XIPALAPALA por João de Sousa
No tempo em que eu estava no activo, na empresa onde eu trabalhava e para a qual continuo a dar a minha colaboração, fazia-se com regularidade trimestral uma avaliação de desempenho. O meu chefe tinha de preencher uma ficha com um conjunto de dados relativos à qualidade do meu trabalho, dedicação, assiduidade, o meu grau de produção e de produtividade, enfim ... requisitos que me habilitavam a receber um bónus. Eram valores que variavam (se a memória não me atraiçoa) de zero a vinte pontos. De zero a nove significava desempenho negativo e, consequentemente, sem direito ao bónus de eficiência.
Quem ganhasse o bónus recebia um determinado valor monetário. Esta foi a forma encontrada para incentivar o trabalhador. Este bónus, por força de várias circunstâncias, morreu, como se costuma dizer, “de morte natural”.
Mas enquanto existiu, criou, de alguma forma, um espírito de competitividade. Os trabalhadores tentavam fazer o melhor que podiam. Aprimoravam na qualidade do seu trabalho. Mostravam-se zelosos, atenciosos, assíduos (coisa rara hoje em dia) e cumpridores. Falei no bónus de eficiência, porque acho que bem poderia ser aplicado a alguns dos deputados do nosso Parlamento.

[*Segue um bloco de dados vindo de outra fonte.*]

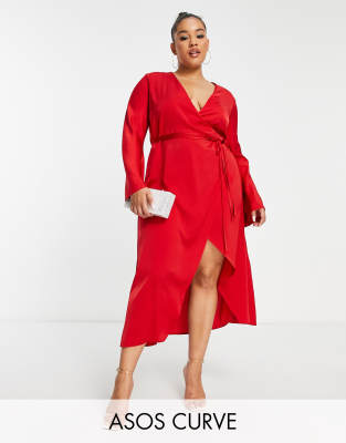 Dresses by ASOS Curve A round of applause for the dress Plunge neck Wrap front Long sleeves Belted waist Regular fit

Agora que muitos estão prestes a deixar o barco, seria necessário criar o mecanismo que permitisse avaliar o que é que estes senhores fizeram de positivo no período compreendido entre 2009 e 2014. Acredito que chegaríamos à conclusão que muitos deles não beneficiariam das regalias previstas no Estatuto de Previdência do Deputado. Estou convicto que se fosse feita (ainda vamos a tempo) uma correcta avaliação de desempenho de alguns dos nossos deputados, os tais que nós próprios elegemos como nossos representantes na “Casa do Povo” deixariam de ter uma reforma de luxo que vai desde isenções fiscais a facilidade de deslocação.
Alguns destes senhores que passaram a vida a sonecar nos cadeirões do Parlamento, a telefonar do interior da sala de sessões, a partir dos seus próprios telemóveis (muitos dos canais de televisão mostraram isso), provavelmente não teriam direito a subsídio de reintegração, isenção de direitos aduaneiros e outras imposições inerentes à importação de uma viatura para transporte próprio, livre trânsito nas instalações parlamentares e passaporte de serviço.
Estou consciente que a decisão de atribuir estas benesses resulta de pressões exercidas por antigos deputados que (lamentavelmente) entendem que após as funções devem continuar a manter o seu estatuto. A medida é vista como “dignidade que nós entendemos que deve ser dada aos antigos deputados da Assembleia da República”.
Tudo bem. Mas então onde fica o trabalhador honesto e cumpridor das suas tarefas no meio disto tudo? Será que esse trabalhador, que de sol a sol batalha para levar uns parcos meticais para casa, para poder dar uma côdea de pão aos seus filhos, não merece ser dignificado? Onde fica a dignidade do professor ou do médico. Alguém se lembrou de criar um mecanismo que permita dar dignidade a quem exerce com zelo, qualidade, empenho, dedicação e honestidade o seu trabalho?
Não pensaram porque se calhar essa não é a prioridade.
Prioridade é mamar na teta da vaca enquanto houver indícios da teta não secar. E o tempo de mamar (infelizmente) é este.